Exercise aim
Below is a set of records, and all of them should be retyped exactly, minus the pictures.

Extracted material
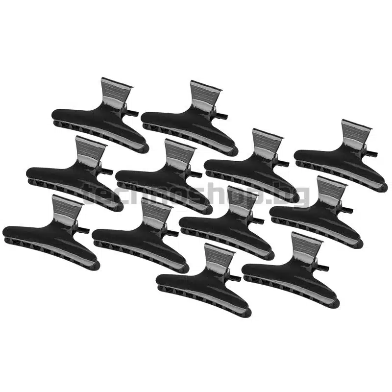 Щипки за коса – черни Kraby E-50 12 бр.Отлично качествена щипка за коса, използвана в професионалните фризьорски салони.Има здрава пружина, за да осигури трайността на катарамата.
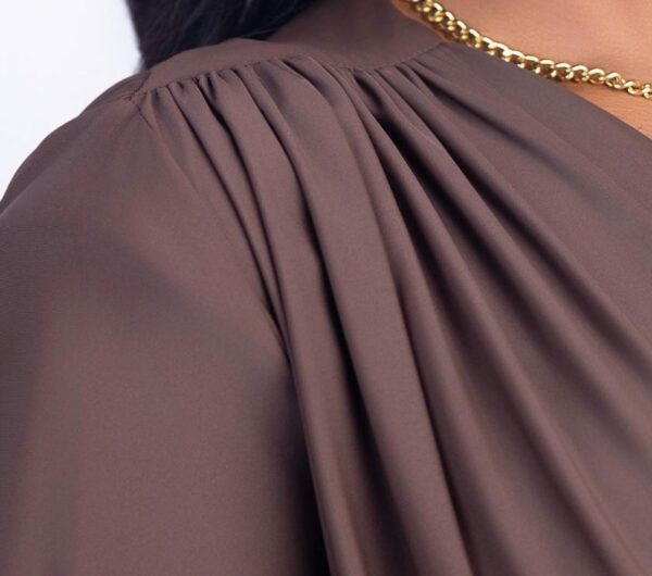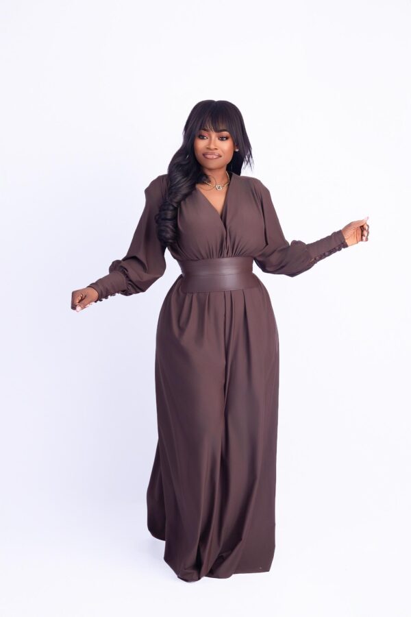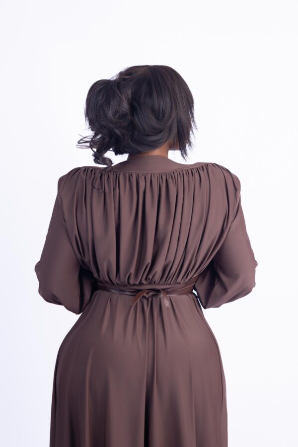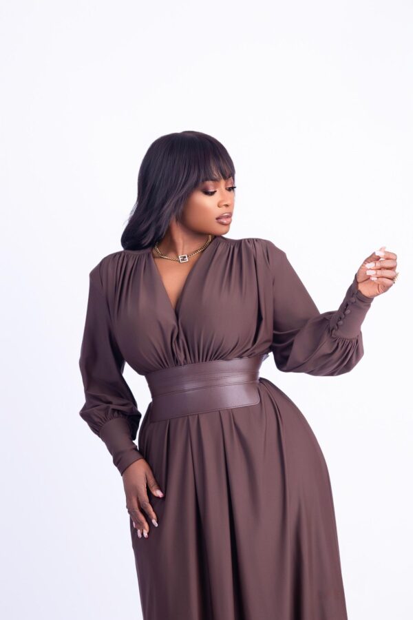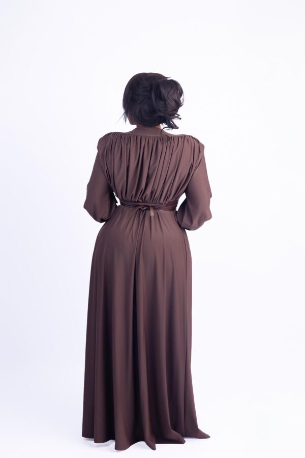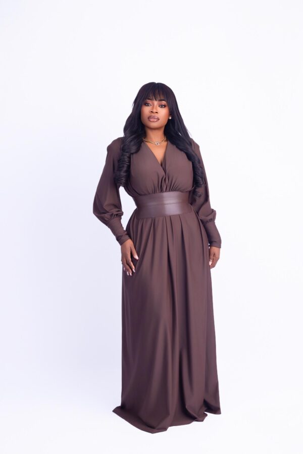 Elevate your elegance in our Valencia Mocha Majesty Gown. Designed in a rich mocha brown, this floor-length gown features a flattering V-neckline, pleated bodice, and a structured faux leather waistband that defines your silhouette. The soft-flowing skirt and voluminous bishop sleeves with buttoned cuffs add a regal touch—perfect for formal dinners, weddings, or special photoshoots. Gathered pleats at the back and a tie-waist detail create graceful movement from every angle.
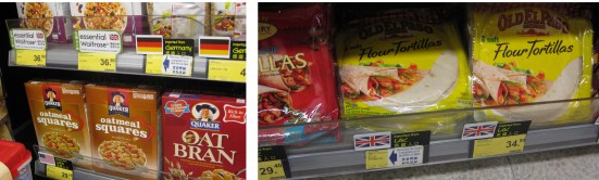 Breakfast has been the biggest problem, so I picked up some things from “International”, where they have labels indicating where all the products are from. I can’t figure out how or why El Paso tortillas would be from the UK.
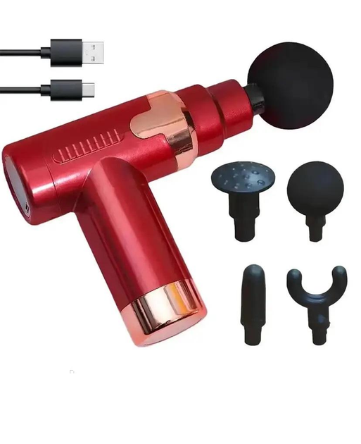 Ручний масажер для тіла Fascial Gun JY-760 акумуляторний з 4 насадками Червоний 9507
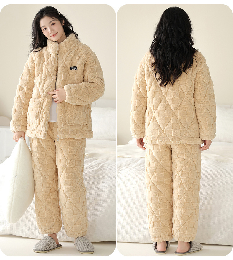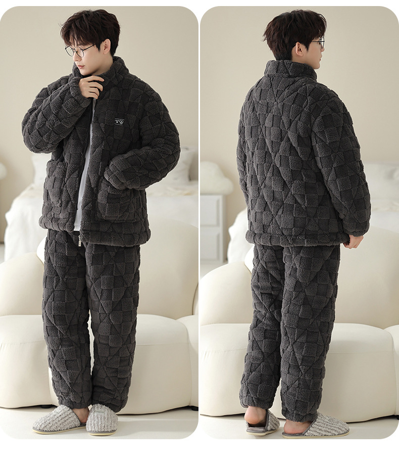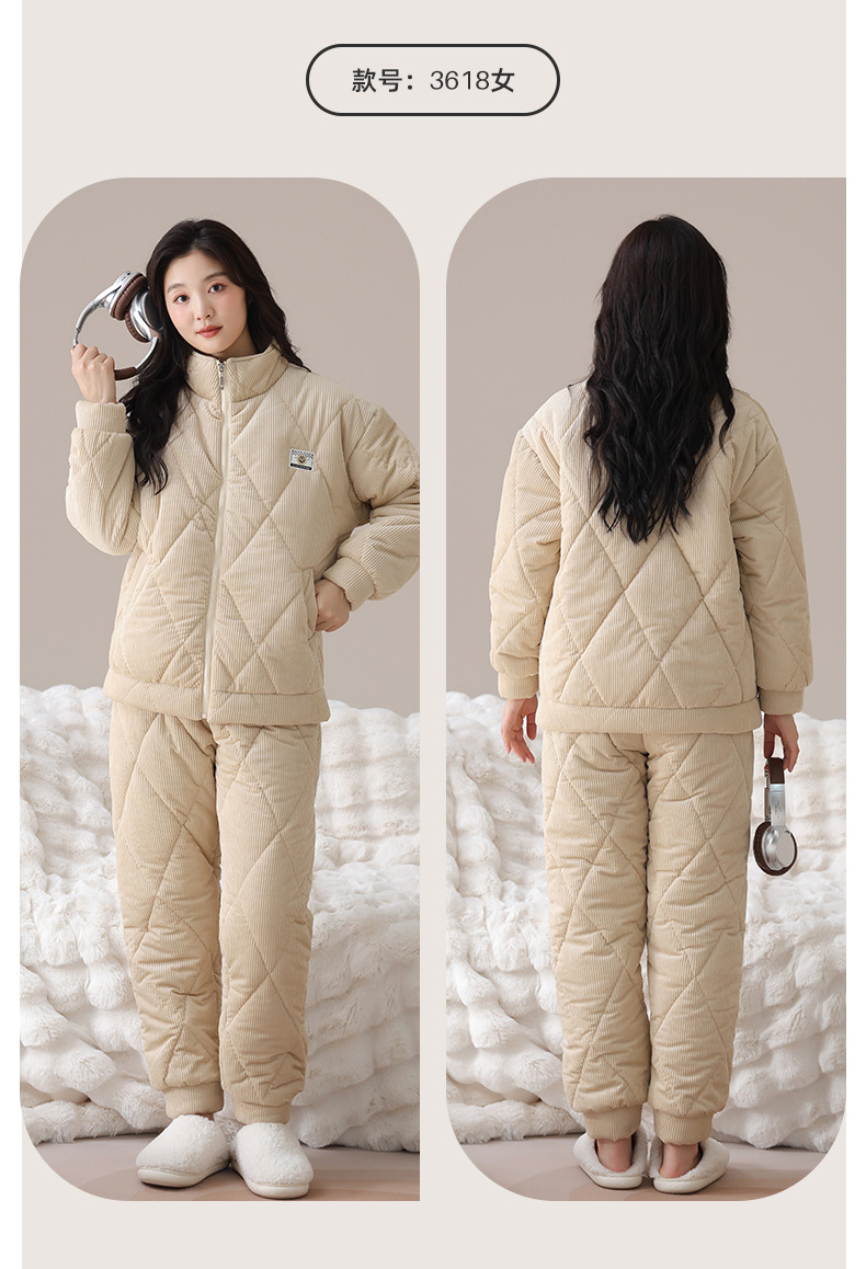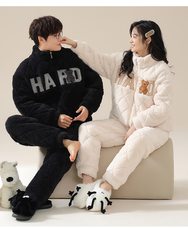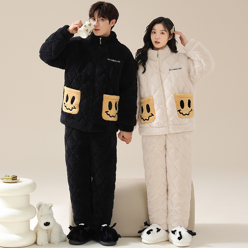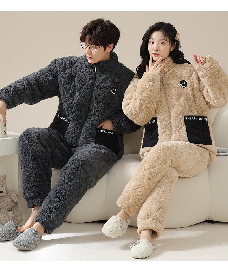 겨울 커플의 3 층 퀼트 파자마 여성 지퍼 카디건 후난 성 의류 두꺼운 따뜻한 남자 홈 옷스토어 가기

Response
 Щипки за коса – черни Kraby E-50 12 бр.Отлично качествена щипка за коса, използвана в професионалните фризьорски салони.Има здрава пружина, за да осигури трайността на катарамата.
 Elevate your elegance in our Valencia Mocha Majesty Gown. Designed in a rich mocha brown, this floor-length gown features a flattering V-neckline, pleated bodice, and a structured faux leather waistband that defines your silhouette. The soft-flowing skirt and voluminous bishop sleeves with buttoned cuffs add a regal touch—perfect for formal dinners, weddings, or special photoshoots. Gathered pleats at the back and a tie-waist detail create graceful movement from every angle.
 Breakfast has been the biggest problem, so I picked up some things from “International”, where they have labels indicating where all the products are from. I can’t figure out how or why El Paso tortillas would be from the UK.
 Ручний масажер для тіла Fascial Gun JY-760 акумуляторний з 4 насадками Червоний 9507
 겨울 커플의 3 층 퀼트 파자마 여성 지퍼 카디건 후난 성 의류 두꺼운 따뜻한 남자 홈 옷스토어 가기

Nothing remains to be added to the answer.